Segment Start: Material for this exercise

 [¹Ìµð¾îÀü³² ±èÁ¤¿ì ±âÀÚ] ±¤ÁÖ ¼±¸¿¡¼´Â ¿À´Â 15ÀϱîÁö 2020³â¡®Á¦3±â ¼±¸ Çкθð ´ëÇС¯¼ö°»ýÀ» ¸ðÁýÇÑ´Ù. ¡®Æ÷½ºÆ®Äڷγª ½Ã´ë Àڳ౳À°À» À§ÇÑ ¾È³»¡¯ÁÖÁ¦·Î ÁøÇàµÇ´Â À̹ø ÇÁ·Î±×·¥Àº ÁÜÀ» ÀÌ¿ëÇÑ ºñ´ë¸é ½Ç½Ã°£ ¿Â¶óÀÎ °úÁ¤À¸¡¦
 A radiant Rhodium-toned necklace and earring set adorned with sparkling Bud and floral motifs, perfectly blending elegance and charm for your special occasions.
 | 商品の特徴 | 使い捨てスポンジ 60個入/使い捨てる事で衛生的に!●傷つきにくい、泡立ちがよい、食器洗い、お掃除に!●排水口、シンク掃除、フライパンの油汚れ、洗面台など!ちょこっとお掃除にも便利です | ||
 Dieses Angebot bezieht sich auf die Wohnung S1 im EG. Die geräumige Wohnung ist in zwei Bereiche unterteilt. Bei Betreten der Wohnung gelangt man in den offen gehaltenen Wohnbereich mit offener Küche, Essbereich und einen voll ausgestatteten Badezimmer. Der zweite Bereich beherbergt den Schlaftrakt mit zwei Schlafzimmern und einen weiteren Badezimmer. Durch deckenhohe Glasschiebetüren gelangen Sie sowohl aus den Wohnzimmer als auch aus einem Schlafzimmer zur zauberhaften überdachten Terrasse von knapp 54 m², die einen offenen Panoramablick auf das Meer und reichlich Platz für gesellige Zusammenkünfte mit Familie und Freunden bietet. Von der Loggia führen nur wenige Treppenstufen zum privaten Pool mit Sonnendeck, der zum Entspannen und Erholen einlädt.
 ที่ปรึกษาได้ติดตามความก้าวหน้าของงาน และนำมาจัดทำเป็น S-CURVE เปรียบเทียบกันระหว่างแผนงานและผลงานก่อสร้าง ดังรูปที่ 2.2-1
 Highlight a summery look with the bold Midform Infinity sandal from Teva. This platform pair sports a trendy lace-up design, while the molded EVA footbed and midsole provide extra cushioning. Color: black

Segment End: Material for this exercise

When the word "with" shows up in a line of the entries, report that line.

**Answer area**:
 A radiant Rhodium-toned necklace and earring set adorned with sparkling Bud and floral motifs, perfectly blending elegance and charm for your special occasions.
 Highlight a summery look with the bold Midform Infinity sandal from Teva. This platform pair sports a trendy lace-up design, while the molded EVA footbed and midsole provide extra cushioning. Color: black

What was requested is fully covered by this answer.